_Available records_

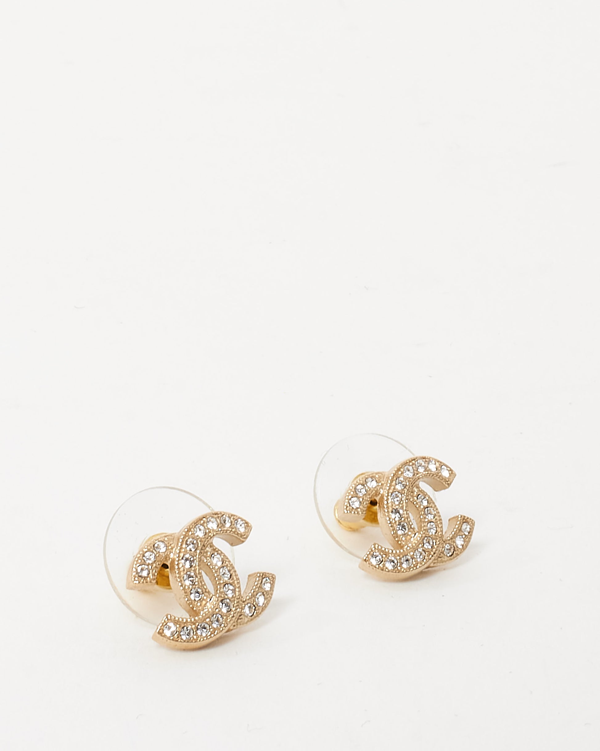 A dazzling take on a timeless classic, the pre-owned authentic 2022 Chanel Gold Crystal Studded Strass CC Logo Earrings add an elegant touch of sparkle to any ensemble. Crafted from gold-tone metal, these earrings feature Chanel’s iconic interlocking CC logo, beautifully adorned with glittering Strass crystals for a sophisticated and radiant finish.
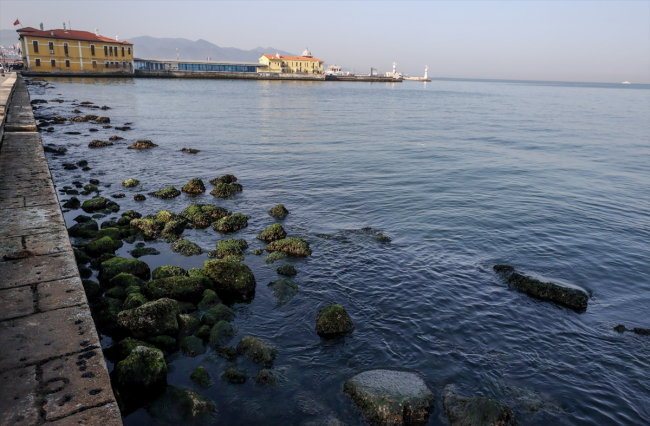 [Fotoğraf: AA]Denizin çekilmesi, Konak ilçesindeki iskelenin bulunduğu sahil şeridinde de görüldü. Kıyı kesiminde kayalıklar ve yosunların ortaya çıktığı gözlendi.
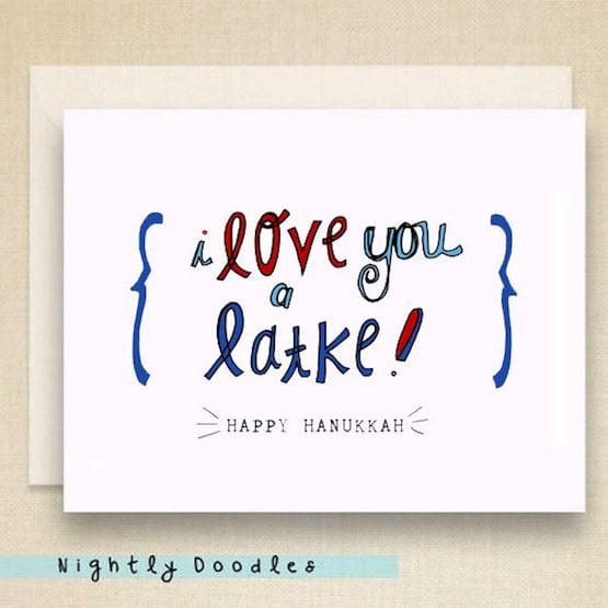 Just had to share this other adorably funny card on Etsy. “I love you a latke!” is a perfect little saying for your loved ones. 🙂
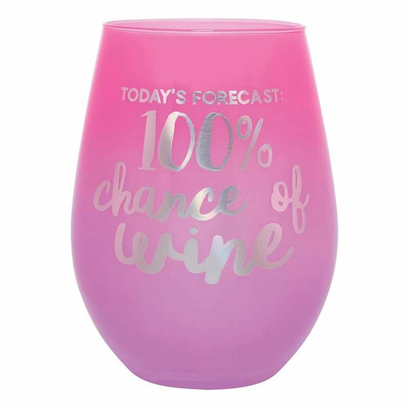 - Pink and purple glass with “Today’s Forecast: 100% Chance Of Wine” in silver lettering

==

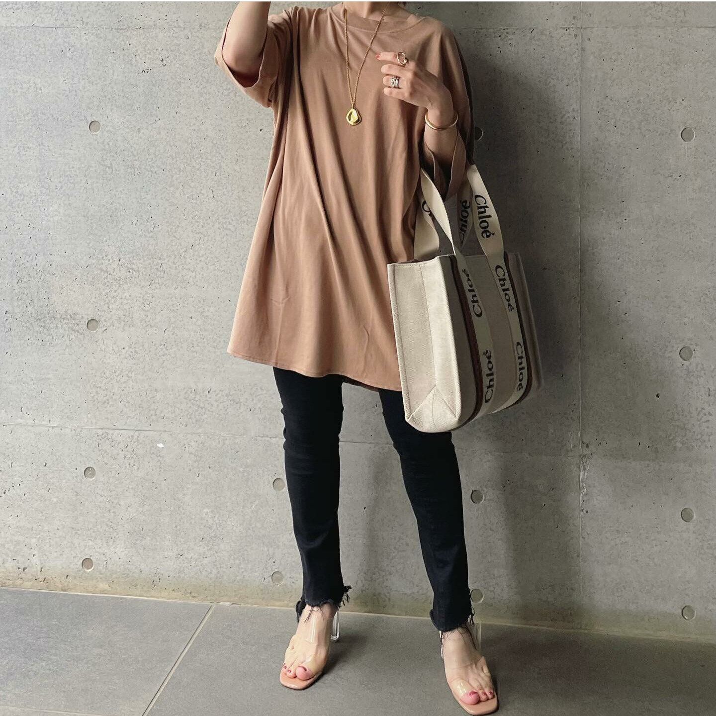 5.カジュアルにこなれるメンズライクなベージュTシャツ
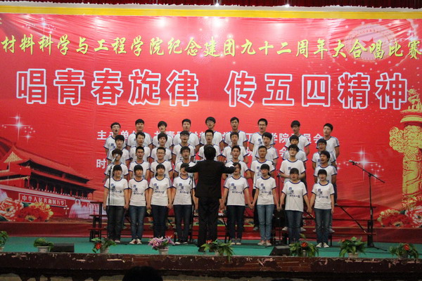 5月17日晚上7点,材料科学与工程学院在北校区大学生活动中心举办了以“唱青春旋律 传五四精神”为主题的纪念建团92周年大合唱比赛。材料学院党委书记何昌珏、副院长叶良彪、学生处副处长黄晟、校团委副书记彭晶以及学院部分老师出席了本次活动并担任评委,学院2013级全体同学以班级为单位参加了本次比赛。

_Problem requirements_
The answer is the lines above from the one with "A dazzling take" to the one with "- Pink and purple", set down exactly, with no pictures.

_Task answer_
 A dazzling take on a timeless classic, the pre-owned authentic 2022 Chanel Gold Crystal Studded Strass CC Logo Earrings add an elegant touch of sparkle to any ensemble. Crafted from gold-tone metal, these earrings feature Chanel’s iconic interlocking CC logo, beautifully adorned with glittering Strass crystals for a sophisticated and radiant finish.
 [Fotoğraf: AA]Denizin çekilmesi, Konak ilçesindeki iskelenin bulunduğu sahil şeridinde de görüldü. Kıyı kesiminde kayalıklar ve yosunların ortaya çıktığı gözlendi.
 Just had to share this other adorably funny card on Etsy. “I love you a latke!” is a perfect little saying for your loved ones. 🙂
 - Pink and purple glass with “Today’s Forecast: 100% Chance Of Wine” in silver lettering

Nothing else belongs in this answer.